IBM [38] adds a human edge to the binomial data-algorithmic bias origin while presenting a set of unconscious bias definitions expressed in terms of their manifestation among the general population that engineers need to be consciously aware of when designing and developing for AI. Despite the IBM’s classification in three main focus areas (shortcut biases, impartiality biases, and self-interest biases), we group those definitions into three main points of interest in project management as presented below. This new organization fits the context of our research as it moves the focus of IBM’s classification from the individual to the project stage in which such biases can be introduced.
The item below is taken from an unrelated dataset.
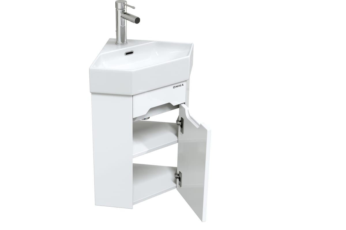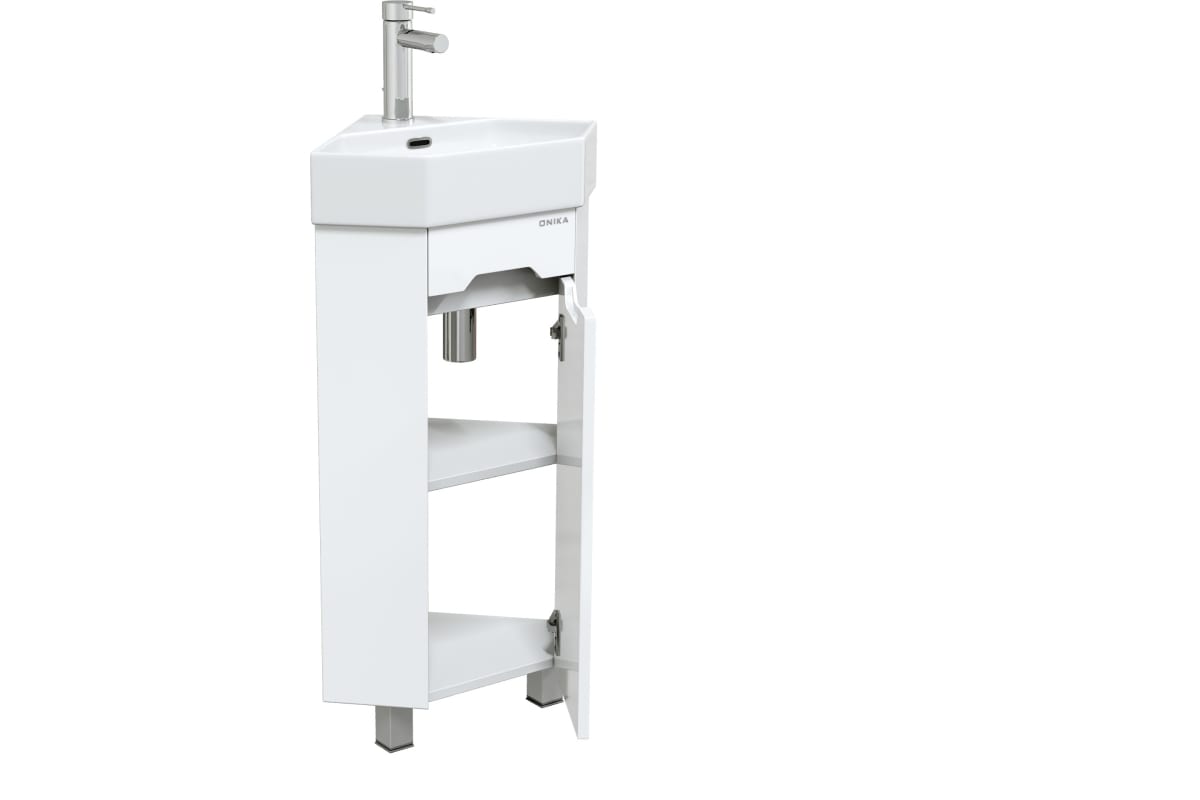 Угловая напольная тумба для ванной комнаты Onika Айленд 35 сочетает в себе стильный минималистичный дизайн, белую глянцевую поверхность и высочайшее качество исполнения.

4.1. The First Point of Interest Is Project Conceptualization

We gathered IBM’s Sunk Cost bias and Status Quo bias definitions under the project conceptualization point of interest. They both refer to the tendency to justify past choices and maintain the current situation, even though they no longer seem valid or when better alternatives exist. In that sense, AI practitioners need to be aware that every new project involves a unique business reality. Some highly specialized teams will try to accommodate their expertise rather than study emerging methods when designing their solution approach. Sommerville [39] and the CHAOS report [40] stressed that issue is one of the main causes of project failure. Deciding the wrong project approach could be the first step toward an unfair AI system.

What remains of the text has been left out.